Abstract: Imitation Learning (IL) holds great potential for learning repetitive manipulation tasks, such as those in industrial assembly. However, its effectiveness is often limited by insufficient trajectory precision due to compounding errors. In this paper, we introduce Grasped Object Manifold Projection (GOMP), an interactive method that mitigates these errors by constraining a non-rigidly grasped object to a lower-dimensional manifold. GOMP assumes a precise task in which a manipulator holds an object that may shift within the grasp in an observable manner and must be mated with a grounded part. Crucially, all GOMP enhancements are learned from the same expert dataset used to train the base IL policy, and are adjusted with an n-arm bandit-based interactive component. We propose a theoretical basis for GOMP's improvement upon the well-known compounding error bound in IL literature. We demonstrate the framework on four precise assembly tasks using tactile feedback, and note that the approach remains modality-agnostic. Data and videos are available at williamvdb.github.io/GOMPsite.

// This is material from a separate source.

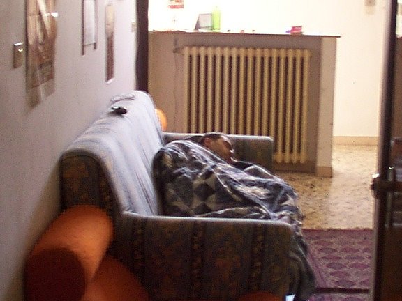 4 febbraio 2002 Andrea 'Della' sul divano Un ospite illustre sorpreso sul grandioso divano del Grande Sifone
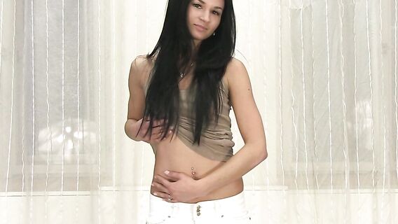 Милая студентка задрала свою майку, чтобы каждый смог оценить ее маленькие аккуратные сиськи. Супер худая брюнетка намерена полностью раздеться, чтобы показать на камеру великолепную соло мастурбацию. Загорелая цыпочка, лежа на мягком ковре, принимается ласкать свой клитор и возбуждать пилотку нежными прикосновениями. Почувствовав, что писька намокла от возбуждения, горячая студентка вставляет пальчики в дырочку. Красотка трахнула себя пальцами и стонала от удовольствия, чувствуя, как все ее тело содрогается от реального кайфа. Девица продолжала вставлять пальчики, извиваться от удовольствия, трахая себя в разных позах до тех пор, пока не испытала оргазм.

Abstract PDF Upgrade to Chat

Summary

The paper presents the GOMP framework that integrates manifold projection with diffusion policy to reduce trajectory errors in robotic manipulation.
It employs a dynamic 7-arm bandit approach for optimal dimensionality selection, ensuring adaptability to varying task conditions.
Experimental evaluations demonstrate significant improvements over baseline methods in tasks like nut threading and peg insertion, enhancing precision.

Grasped Object Manifold Projection (GOMP) for Multimodal Imitation Learning

Introduction

The "GOMP: Grasped Object Manifold Projection for Multimodal Imitation Learning of Manipulation" introduces a novel interactive framework designed to enhance the precision of imitation learning (IL) in robotic manipulation tasks. The framework addresses the fundamental problem of compounding errors that are common in IL methods by projecting the manipulated object onto a lower-dimensional manifold. This technique ensures that the object remains constrained within a task-relevant space, thereby reducing trajectory errors. The paper proposes implementing GOMP in conjunction with a diffusion policy, supported by tactile and proprioceptive data, to optimize manipulation in tasks such as assembly, where precision and adaptability are critical.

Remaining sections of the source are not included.